Gulls and planes sailed over the Mersey, which was deserted except for buoys. On the far bank, tiny towns and stalks of factory chimneys stood at the foot of an enormous frieze of clouds. Sunlight slipped through to Birkenhead and Wallasey, touching up the colours of microscopic streets; specks of windows glinted. She enjoyed none of this, for the slopping of water beneath the promenade seemed to be pacing her. Worse, she couldn’t make herself go to the rail to prove that there was nothing.

Really, it was heart-breaking. One vicious card and she felt nervous in her own house. A blurred voice seemed to creep behind the carols on the radio, lowing out of tune. Next day she took her washing to Lark Lane, in search of distraction as much as anything.

The Westinghouse Laundromat was deserted. O O O, the washing machines said emptily. There was only herself, and her dervishes of clothes, and a black plastic bag almost as tall as she was. If someone had abandoned it, whatever its lumpy contents were, she could see why, for it was leaking; she smelled stagnant water. It must be a draught that made it twitch feebly. Nevertheless, if she had been able to turn off her machine she might have fled.

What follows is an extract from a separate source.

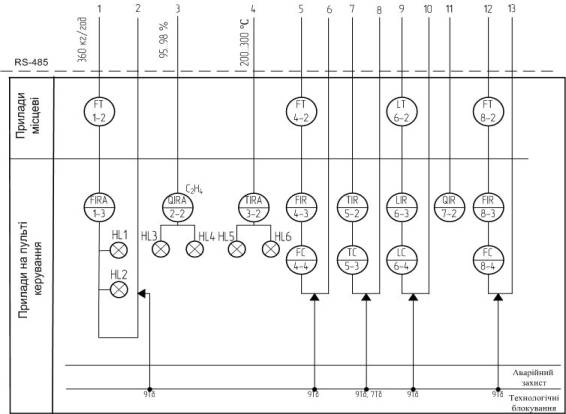 Рис. 1. Схема автоматизації процесу одержання окису етилену

She mustn’t grow neurotic. She still had friends to visit. The following day she went to a friend whose flat over looked Wavertree Park. It was all very convivial—a rainstorm outside made the mince pies more warming, the chat flowed as easily as the whisky—but she kept glancing at the thin figure who stood in the park, unmoved by the downpour. The trails of rain on the window must be lending him their colour, for his skin looked like a snail’s.

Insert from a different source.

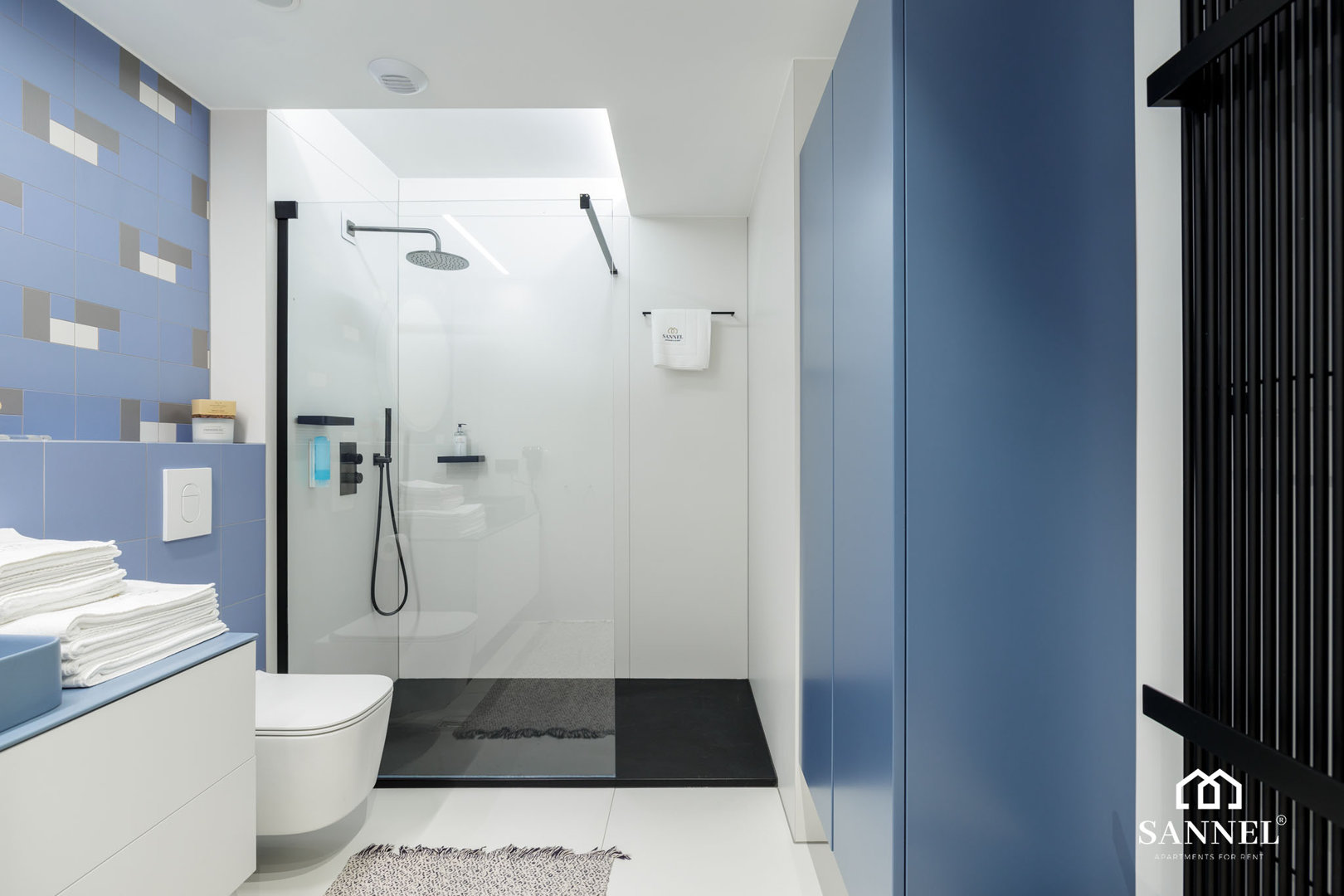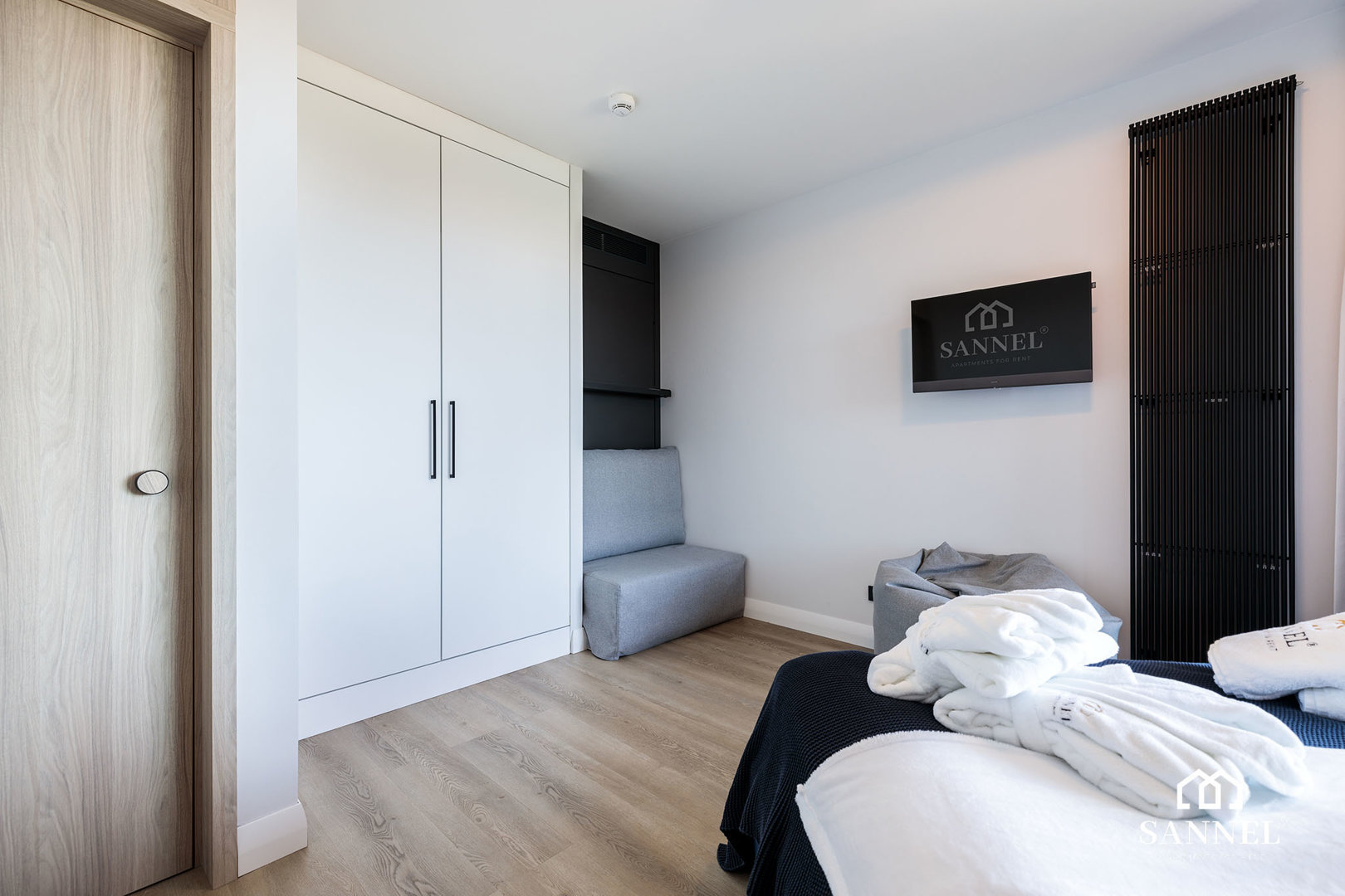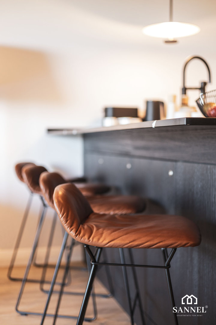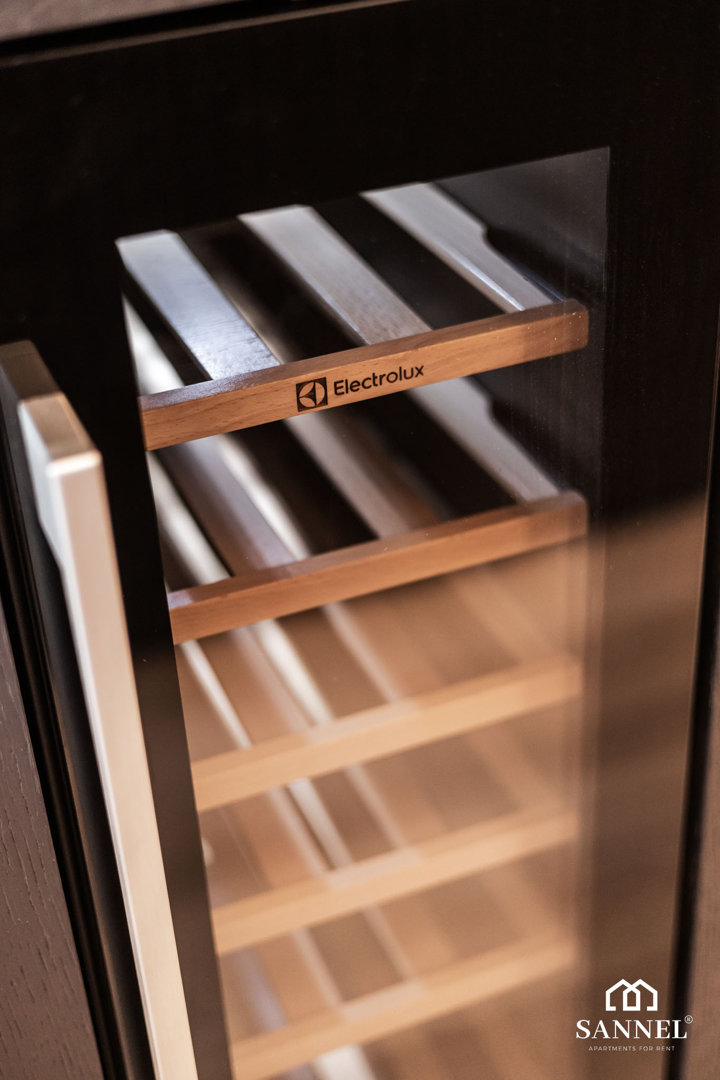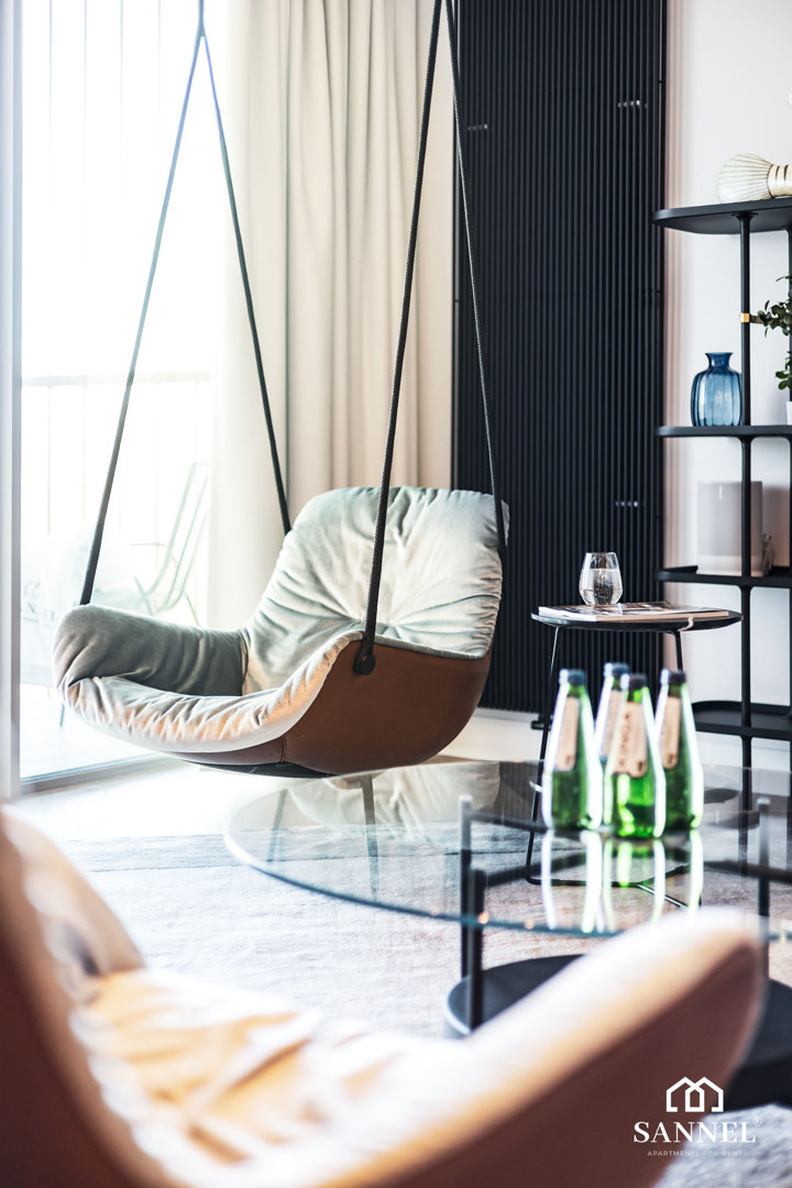 Ten wyjątkowy apartament został wyposażony w najwyższej jakości sprzęty oraz umeblowanie. Apartament Exclusive składa się z salonu z aneksem kuchennym z wydzielonym miejscem do spożywania posiłków w postaci dużej wyspy kuchennej z hokerami, sypialni, łazienki oraz dwóch balkonów z widokiem na morze. Salon wyposażony został w sofę z funkcją spania, stoliki kawowe, huśtawkę a także TV z płaskim ekranem z dostępem do kanałów w różnych językach, internetu oraz platform streamingowych. Z tego miejsca udać się można na jeden z dwóch balkonów, na którym znajduje się komplet mebli wypoczynkowych. Aneks kuchenny apartamentu Exclusive wyposażony został we wszystkie potrzebne sprzęty AGD takie jak toster, dotykowy czajnik elektryczny, ekspres do kawy, płytę indukcyjną a także lodówkę do chłodzenia napojów oraz akcesoria, potrzebne do przygotowania posiłków. Przestronna sypialnia posiada duże łóżko małżeńskie wraz z szafkami nocnymi z lampkami do czytania,pojemną szafę do przechowywania ubrań a także TV z dostępem do kanałów w różnych językach, internetu oraz platform streamingowych. Z sypialni apartamentu wyjść można na drugi balkon gdzie znajduje się także komplet mebli wypoczynkowych. W łazience znajduje się przestronny prysznic z odpływem liniowym, umywalka z blatem i szafką, podświetlane lustro,szafka z półkami, pralka oraz toaleta.

Eventually the 68 bus, meandering like a drunkard’s monologue, took her home to Aigburth. No, the man in the park hadn’t really looked as though his clothes and his body had merged into a single greyish mass. Tomorrow she was taking the children for their treat, and that would clear her mind.

She took them to the aquarium. Piranhas sank stonily, their sides glittering like Christmas cards. Toads were bubbling lumps of tar. Finny humbugs swam, and darting fish wired with light. Had one of the tanks cracked? There seemed to be a stagnant smell.

In the museum everything was under glass: shrunken heads like sewn leathery handbags, a watchmaker’s workshop, buses passing as though the windows were silent films. Here was a slum street, walled in by photographs of despair, real flagstones underfoot, overhung by streetlamps on brackets. She halted between a grid and a drinking fountain; she was trapped in the dimness between blind corners, and couldn’t see either way. Why couldn’t she get rid of the stagnant smell? Grey forlorn faces, pressed like specimens, peered out of the walls. “Come on, quickly,” she said, pretending that only the children were nervous.